Where an entry holds an image, skip the image but reproduce the rest word for word.

Records from a data collection:
☆ ☆ ☆ ☆
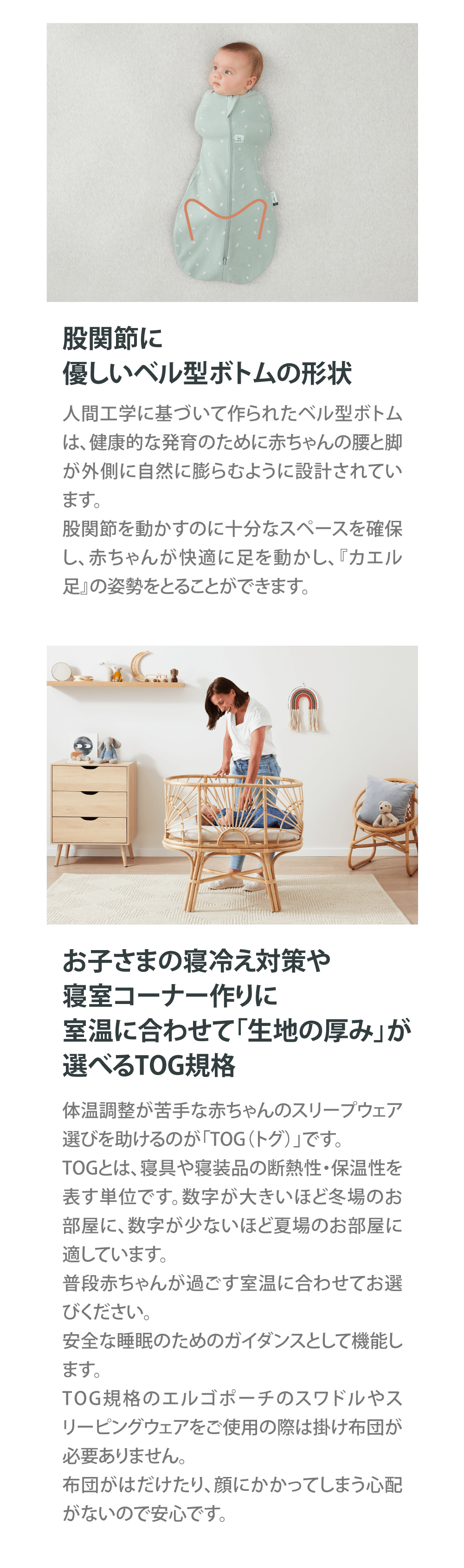 エルゴポーチのスリープウェアはすべてTOG規格に適合し、オーガニックで通気性の良い天然繊維を使用しているので、赤ちゃんの体温を一定に保ち、安全で快適な睡眠をもたらします。
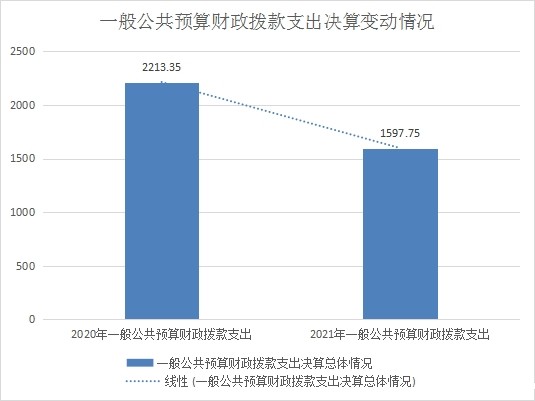 2021年一般公共预算财政拨款支出1597.75万元,占本年支出合计的88.89%。与2020年相比,一般公共预算财政拨款支出2213.35万元减少615.6万元,下降27.81%%。主要变动原因是脱贫攻坚阶段初步完成,农村危旧房改造、农村道路和水利等项目建设大量减少,由此形成支出总量大大减少。
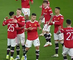 ![]() Manchester United players during a UEFA Champions League match against Villarreal CF in September 2021 | ||||
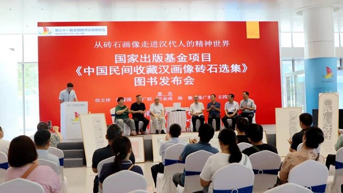 7月28日,由河南大学出版社举办的“从砖石画像走进汉代人的精神世界”——《中国民间收藏汉画像砖石选集》图书发布会在山东国际会展中心展馆内5号馆前舞台区举行。中国国家博物馆原田野考古部主任、终身研究馆员、国家文物局南昌汉代海昏侯刘贺墓考古发掘专家组组长、主编信立祥,山东省石刻艺术博物馆馆长、研究馆员、中国汉画学会副会长杨爱国,山东济宁市文物局文物保护中心主任胡广跃,山东师范大学齐鲁文化研究院特聘研究员、山东金石学会副会长吕金成,青岛崇汉轩汉画像砖博物馆馆长杨敏,河南大学出版社编审、本书编委会主任陈广胜,河南大学文化旅游学院副编审、执行主编王四朋受邀出席此次发布会。发布会由王斌和王四朋主持。
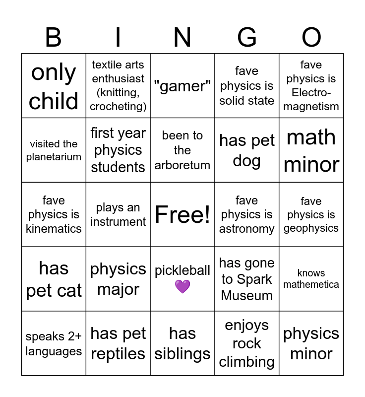 This bingo card has a free space and 24 words: physics major, has pet reptiles, been to the arboretum, speaks 2+ languages, fave physics is Electro-magnetism, only child, visited the planetarium, textile arts enthusiast (knitting, crocheting), fave physics is astronomy, pickleball 💜, has pet dog, fave physics is kinematics, has gone to Spark Museum, knows mathemetica, first year physics students, enjoys rock climbing, fave physics is geophysics, "gamer", math minor, plays an instrument, physics minor, has pet cat, fave physics is solid state and has siblings.
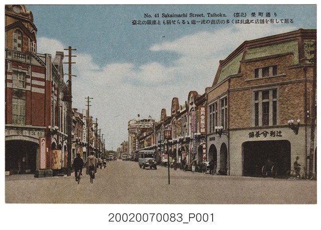 1.本物件為以臺北榮町通り為景之明信片。正面為臺北榮町街街景之彩色照片。明信片左右兩側皆為建築,建築前皆種有一排電線桿、行人、汽車、人力車及騎腳踏車的人。照片右邊第一間商店為辻利茶舖,其隔壁那間有紅色招牌,以白色寫著「風月堂菓子舖」。明信片正面上方載有「No.41 Sakaimachi Street, Taihoku.」、「(臺北)榮町通り」、「臺北の銀座とも稱せらる、處一流の商店の多くは此處に店舖を有して居る」之字樣(大意:臺北榮町又稱為臺北的銀座,此處有相當多的一流商店)。背面為明信片書寫面,右上方有郵票黏貼處,明信片右側有以漢字、平假名書寫之「郵便はがき」,正上方印有「POST CARD」,正中央印有「(臺北 生蕃屋本店 印行)」之字樣。2.該明信片地點為現今臺北市中正區衡陽路及重慶南路一帶,其中辻利茶舖為今星巴克重慶門市。
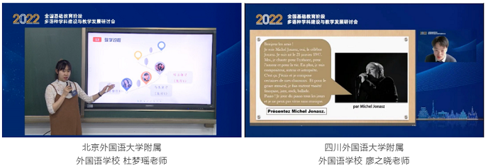 法语分论坛两节示范课由北京外国语大学附属外国语学校的杜梦瑶老师和四川外国语大学附属外国语学校的廖之晓老师分别展示。北京第二外国语学院吴云凤副教授点评到,两位老师课堂上的练习手段和课堂形式新颖有趣、教学环节设计合理并保证了学生在课堂中的高度参与。吴老师建议课堂活动任务切割还需细化,避免学生在较长任务完成时间中跑神,并设置与学生能力契合度相匹配的任务难度。
☆ ☆ ☆ ☆
RESPONSE BELOW:
 エルゴポーチのスリープウェアはすべてTOG規格に適合し、オーガニックで通気性の良い天然繊維を使用しているので、赤ちゃんの体温を一定に保ち、安全で快適な睡眠をもたらします。
 2021年一般公共预算财政拨款支出1597.75万元,占本年支出合计的88.89%。与2020年相比,一般公共预算财政拨款支出2213.35万元减少615.6万元,下降27.81%%。主要变动原因是脱贫攻坚阶段初步完成,农村危旧房改造、农村道路和水利等项目建设大量减少,由此形成支出总量大大减少。
 ![]() Manchester United players during a UEFA Champions League match against Villarreal CF in September 2021 | ||||
 7月28日,由河南大学出版社举办的“从砖石画像走进汉代人的精神世界”——《中国民间收藏汉画像砖石选集》图书发布会在山东国际会展中心展馆内5号馆前舞台区举行。中国国家博物馆原田野考古部主任、终身研究馆员、国家文物局南昌汉代海昏侯刘贺墓考古发掘专家组组长、主编信立祥,山东省石刻艺术博物馆馆长、研究馆员、中国汉画学会副会长杨爱国,山东济宁市文物局文物保护中心主任胡广跃,山东师范大学齐鲁文化研究院特聘研究员、山东金石学会副会长吕金成,青岛崇汉轩汉画像砖博物馆馆长杨敏,河南大学出版社编审、本书编委会主任陈广胜,河南大学文化旅游学院副编审、执行主编王四朋受邀出席此次发布会。发布会由王斌和王四朋主持。
 This bingo card has a free space and 24 words: physics major, has pet reptiles, been to the arboretum, speaks 2+ languages, fave physics is Electro-magnetism, only child, visited the planetarium, textile arts enthusiast (knitting, crocheting), fave physics is astronomy, pickleball 💜, has pet dog, fave physics is kinematics, has gone to Spark Museum, knows mathemetica, first year physics students, enjoys rock climbing, fave physics is geophysics, "gamer", math minor, plays an instrument, physics minor, has pet cat, fave physics is solid state and has siblings.
 1.本物件為以臺北榮町通り為景之明信片。正面為臺北榮町街街景之彩色照片。明信片左右兩側皆為建築,建築前皆種有一排電線桿、行人、汽車、人力車及騎腳踏車的人。照片右邊第一間商店為辻利茶舖,其隔壁那間有紅色招牌,以白色寫著「風月堂菓子舖」。明信片正面上方載有「No.41 Sakaimachi Street, Taihoku.」、「(臺北)榮町通り」、「臺北の銀座とも稱せらる、處一流の商店の多くは此處に店舖を有して居る」之字樣(大意:臺北榮町又稱為臺北的銀座,此處有相當多的一流商店)。背面為明信片書寫面,右上方有郵票黏貼處,明信片右側有以漢字、平假名書寫之「郵便はがき」,正上方印有「POST CARD」,正中央印有「(臺北 生蕃屋本店 印行)」之字樣。2.該明信片地點為現今臺北市中正區衡陽路及重慶南路一帶,其中辻利茶舖為今星巴克重慶門市。
 法语分论坛两节示范课由北京外国语大学附属外国语学校的杜梦瑶老师和四川外国语大学附属外国语学校的廖之晓老师分别展示。北京第二外国语学院吴云凤副教授点评到,两位老师课堂上的练习手段和课堂形式新颖有趣、教学环节设计合理并保证了学生在课堂中的高度参与。吴老师建议课堂活动任务切割还需细化,避免学生在较长任务完成时间中跑神,并设置与学生能力契合度相匹配的任务难度。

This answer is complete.